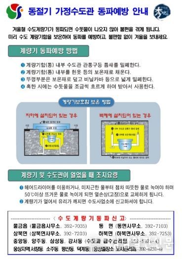 동파로 인한 급수 중단을 최소화하기 위한 긴급 대응체계가 구축돼 있으며, 동파가 발생할 경우, 각 읍면별 담당부서를 통해 즉시 조치를 취할 예정이며 아래의 연락처를 통해 신속히 피해신고를 할 수 있다.
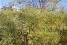 纸莎草是莎草科、莎草属的植物,具有粗壮的根状茎,高达2-3米,茎秆簇生,粗壮,直立,钝三棱形。叶退化呈鞘状,茎秆顶端着生总苞片,呈伞状簇生,总苞片叶状,披针形,顶生花序伞梗极多,细长下垂。瘦果灰褐色,…全部>>
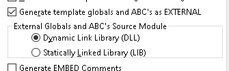 In your screen-shot above, “Generate template globals and ABC’s as External” should be ON in all but one of the DLL’s. In one DLL, let’s call this the “root dll” this option should be OFF. And then this “root DLL” is added as an External DLL Module to “all the other apps”.
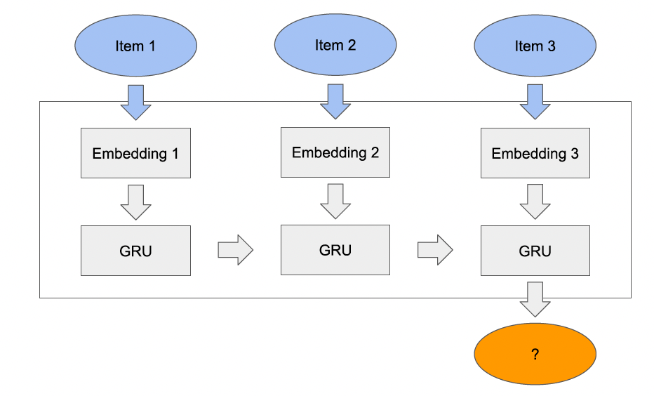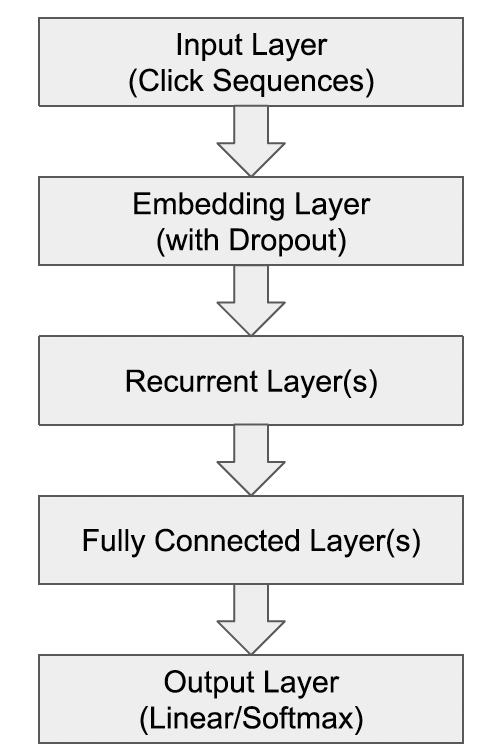 我们遵循下图所示 RNN 模型的通用结构。对于recurrent layer ,我们使用 Gated Recurrent Unit: GRU ,因为 《Session-based recommendations with recurrent neural networks》 中发现它优于 LSTM 单元。但是,我们没有使用 stateful RNN 训练过程,在 stateful RNN 训练过程中模型以 session-parallel 、sequence-to-sequence 的方式进行训练。相反,我们的网络处理每个序列 next click
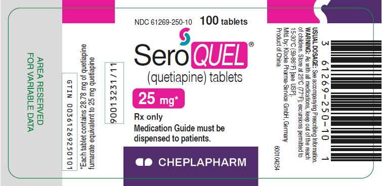 25 mg Tablets (NDC: 61269-250-10) peach, round, biconvex, film coated tablets, identified with ‘SEROQUEL’ and ‘25’ on one side and plain on the other side, are supplied in bottles of 100 tablets.
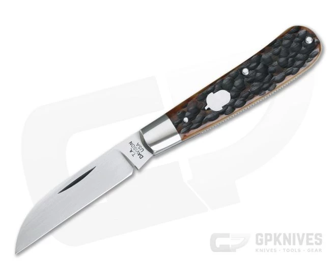 Todd Davison produces custom, traditional slipjoint pocket knives that are truly handmade and one of a kind. Having produced over 1600 slip joint knives, Davison utilizes premium materials and offers exceptional quality and attention to detail in a timeless, traditional design. This Swayback model comes with a CPM-154 Wharncliffe blade in a hand-rubbed satin finish with stainless steel liners and bolsters and Dark Brown Jigged Bone covers.

### Task statement
When copying from the data above, print only the lines from the line containing "纸莎草是莎草科、莎草属的植物" to the line containing "25 mg Tablets", exactly, and leave the pictures out.

### Result for this task
 纸莎草是莎草科、莎草属的植物,具有粗壮的根状茎,高达2-3米,茎秆簇生,粗壮,直立,钝三棱形。叶退化呈鞘状,茎秆顶端着生总苞片,呈伞状簇生,总苞片叶状,披针形,顶生花序伞梗极多,细长下垂。瘦果灰褐色,…全部>>
 In your screen-shot above, “Generate template globals and ABC’s as External” should be ON in all but one of the DLL’s. In one DLL, let’s call this the “root dll” this option should be OFF. And then this “root DLL” is added as an External DLL Module to “all the other apps”.
 我们遵循下图所示 RNN 模型的通用结构。对于recurrent layer ,我们使用 Gated Recurrent Unit: GRU ,因为 《Session-based recommendations with recurrent neural networks》 中发现它优于 LSTM 单元。但是,我们没有使用 stateful RNN 训练过程,在 stateful RNN 训练过程中模型以 session-parallel 、sequence-to-sequence 的方式进行训练。相反,我们的网络处理每个序列 next click
 25 mg Tablets (NDC: 61269-250-10) peach, round, biconvex, film coated tablets, identified with ‘SEROQUEL’ and ‘25’ on one side and plain on the other side, are supplied in bottles of 100 tablets.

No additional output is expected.